EXERCISE DETAILS: Take the lines from the head of the listing through the one bearing "Abbiati · Zapata" and copy them exactly, leaving every picture out.

====== DATA SHOWN

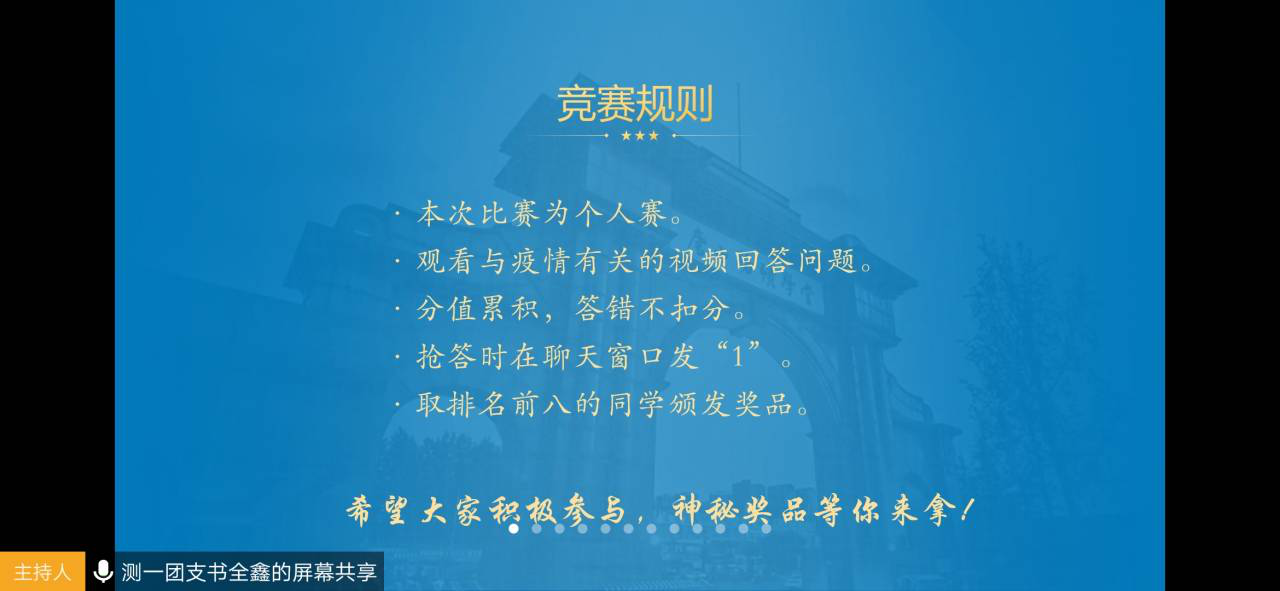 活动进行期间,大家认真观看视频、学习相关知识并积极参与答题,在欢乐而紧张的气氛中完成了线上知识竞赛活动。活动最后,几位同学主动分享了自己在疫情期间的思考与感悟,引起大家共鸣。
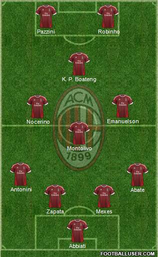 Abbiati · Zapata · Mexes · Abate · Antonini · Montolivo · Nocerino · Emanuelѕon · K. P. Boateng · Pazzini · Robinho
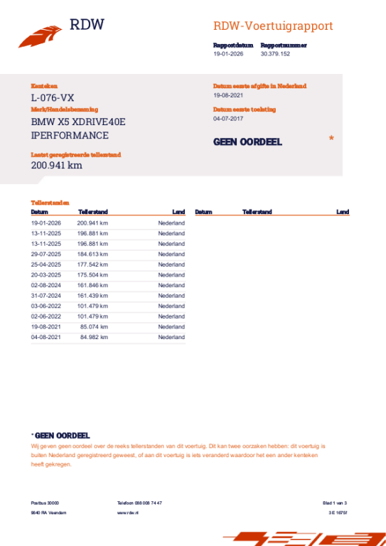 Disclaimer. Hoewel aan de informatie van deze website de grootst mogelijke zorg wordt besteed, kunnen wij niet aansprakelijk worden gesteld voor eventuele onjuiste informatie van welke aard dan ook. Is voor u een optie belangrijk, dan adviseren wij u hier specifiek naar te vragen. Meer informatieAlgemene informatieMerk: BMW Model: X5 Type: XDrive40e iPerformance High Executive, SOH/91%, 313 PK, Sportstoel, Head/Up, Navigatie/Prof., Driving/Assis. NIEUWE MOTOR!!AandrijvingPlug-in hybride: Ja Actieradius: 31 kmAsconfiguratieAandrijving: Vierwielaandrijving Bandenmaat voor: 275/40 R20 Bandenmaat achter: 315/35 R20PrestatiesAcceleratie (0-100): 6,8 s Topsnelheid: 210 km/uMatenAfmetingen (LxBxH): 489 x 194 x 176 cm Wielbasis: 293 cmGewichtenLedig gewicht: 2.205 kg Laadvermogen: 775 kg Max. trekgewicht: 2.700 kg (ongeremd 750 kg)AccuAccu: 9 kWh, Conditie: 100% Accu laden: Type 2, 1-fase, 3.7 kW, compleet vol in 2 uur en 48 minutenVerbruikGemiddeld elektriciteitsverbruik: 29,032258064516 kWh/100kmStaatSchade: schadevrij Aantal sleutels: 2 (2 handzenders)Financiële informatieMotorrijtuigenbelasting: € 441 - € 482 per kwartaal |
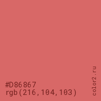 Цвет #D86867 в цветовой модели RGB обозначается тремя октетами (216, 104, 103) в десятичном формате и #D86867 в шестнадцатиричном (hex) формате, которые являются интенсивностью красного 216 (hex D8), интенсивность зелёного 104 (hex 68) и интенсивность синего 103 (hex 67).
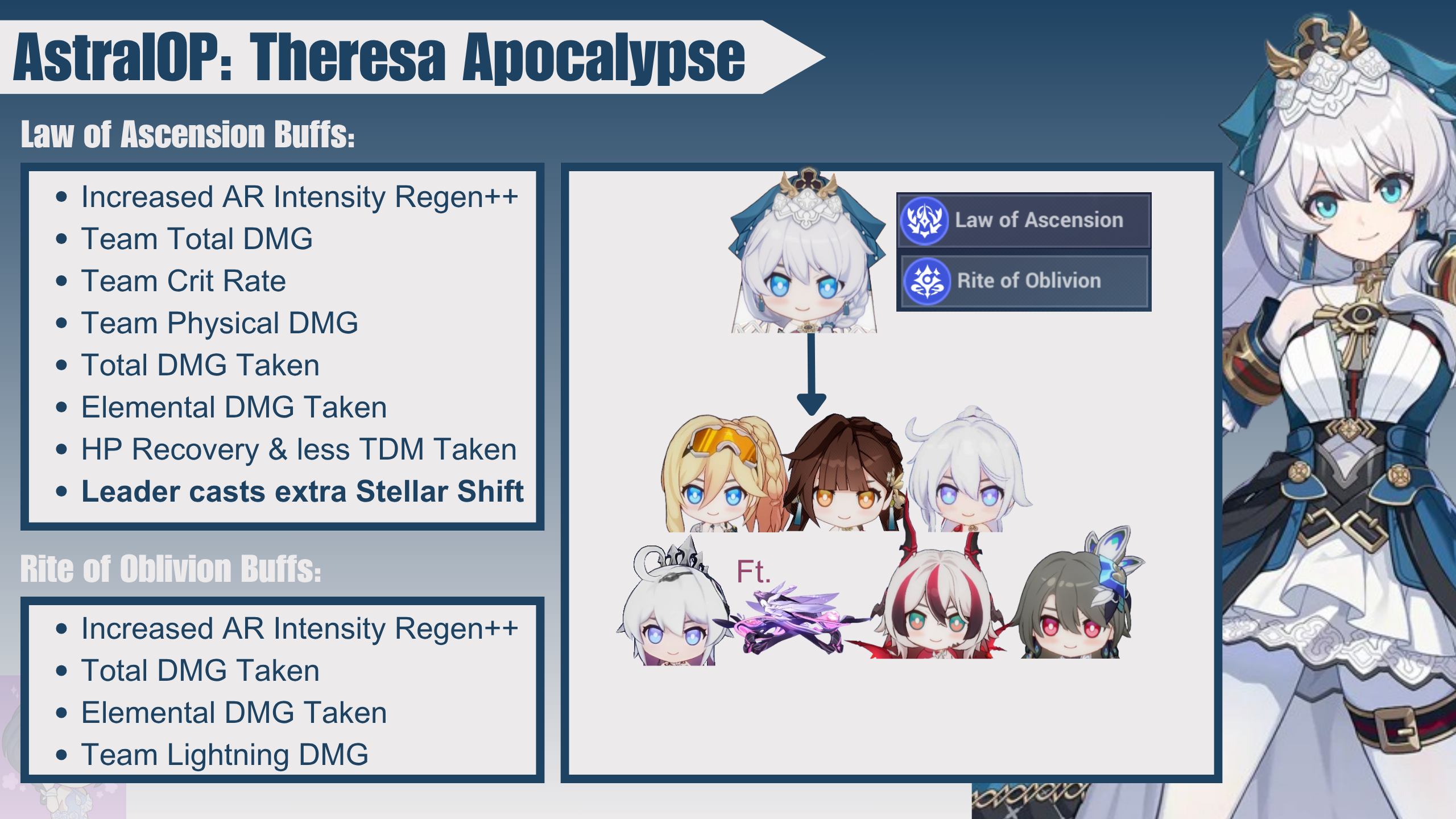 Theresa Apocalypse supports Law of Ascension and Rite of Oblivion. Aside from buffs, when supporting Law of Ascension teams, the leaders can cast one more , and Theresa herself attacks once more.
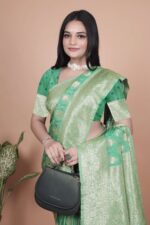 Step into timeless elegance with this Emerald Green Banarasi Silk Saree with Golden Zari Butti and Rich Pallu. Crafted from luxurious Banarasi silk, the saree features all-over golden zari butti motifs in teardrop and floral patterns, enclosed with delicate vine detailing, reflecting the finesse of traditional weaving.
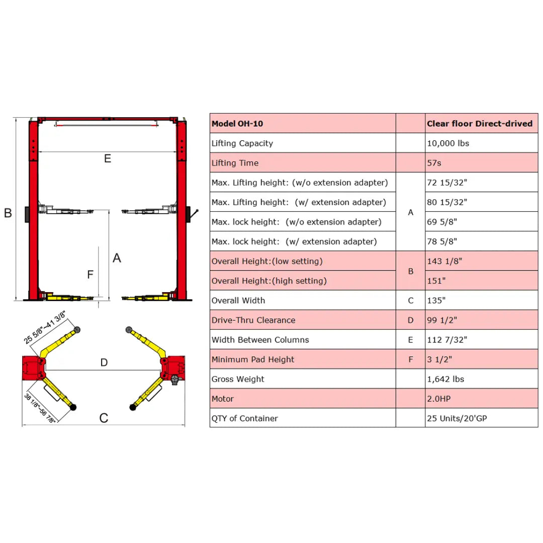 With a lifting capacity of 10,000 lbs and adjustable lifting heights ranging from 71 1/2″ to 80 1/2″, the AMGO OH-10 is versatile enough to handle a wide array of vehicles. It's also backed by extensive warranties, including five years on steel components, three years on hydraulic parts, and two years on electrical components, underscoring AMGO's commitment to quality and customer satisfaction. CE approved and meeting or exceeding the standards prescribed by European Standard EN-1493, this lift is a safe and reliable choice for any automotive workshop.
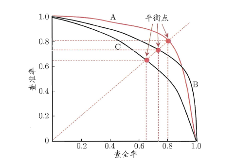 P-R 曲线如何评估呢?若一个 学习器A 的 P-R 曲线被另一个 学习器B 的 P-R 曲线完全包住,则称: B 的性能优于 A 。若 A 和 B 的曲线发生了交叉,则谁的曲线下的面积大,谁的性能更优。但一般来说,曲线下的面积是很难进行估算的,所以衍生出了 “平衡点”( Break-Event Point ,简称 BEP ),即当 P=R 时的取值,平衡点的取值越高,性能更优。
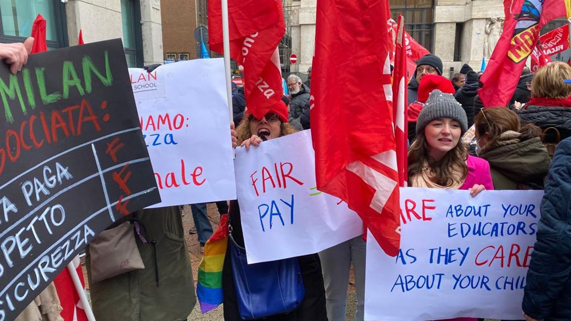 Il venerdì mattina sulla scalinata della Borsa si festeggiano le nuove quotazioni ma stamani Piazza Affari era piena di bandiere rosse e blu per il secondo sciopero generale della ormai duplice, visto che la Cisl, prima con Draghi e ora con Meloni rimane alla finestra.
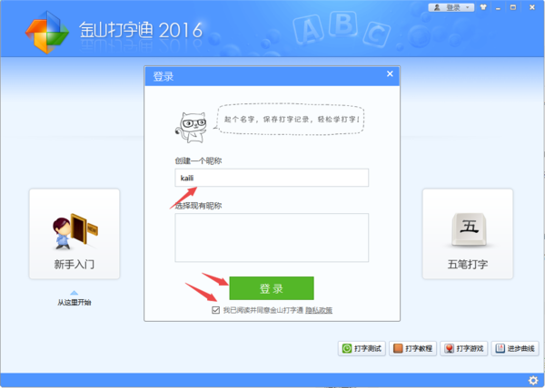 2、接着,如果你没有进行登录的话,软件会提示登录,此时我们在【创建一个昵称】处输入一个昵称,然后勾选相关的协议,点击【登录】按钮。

============

OUTPUT OF THE TASK:
 活动进行期间,大家认真观看视频、学习相关知识并积极参与答题,在欢乐而紧张的气氛中完成了线上知识竞赛活动。活动最后,几位同学主动分享了自己在疫情期间的思考与感悟,引起大家共鸣。
 Abbiati · Zapata · Mexes · Abate · Antonini · Montolivo · Nocerino · Emanuelѕon · K. P. Boateng · Pazzini · Robinho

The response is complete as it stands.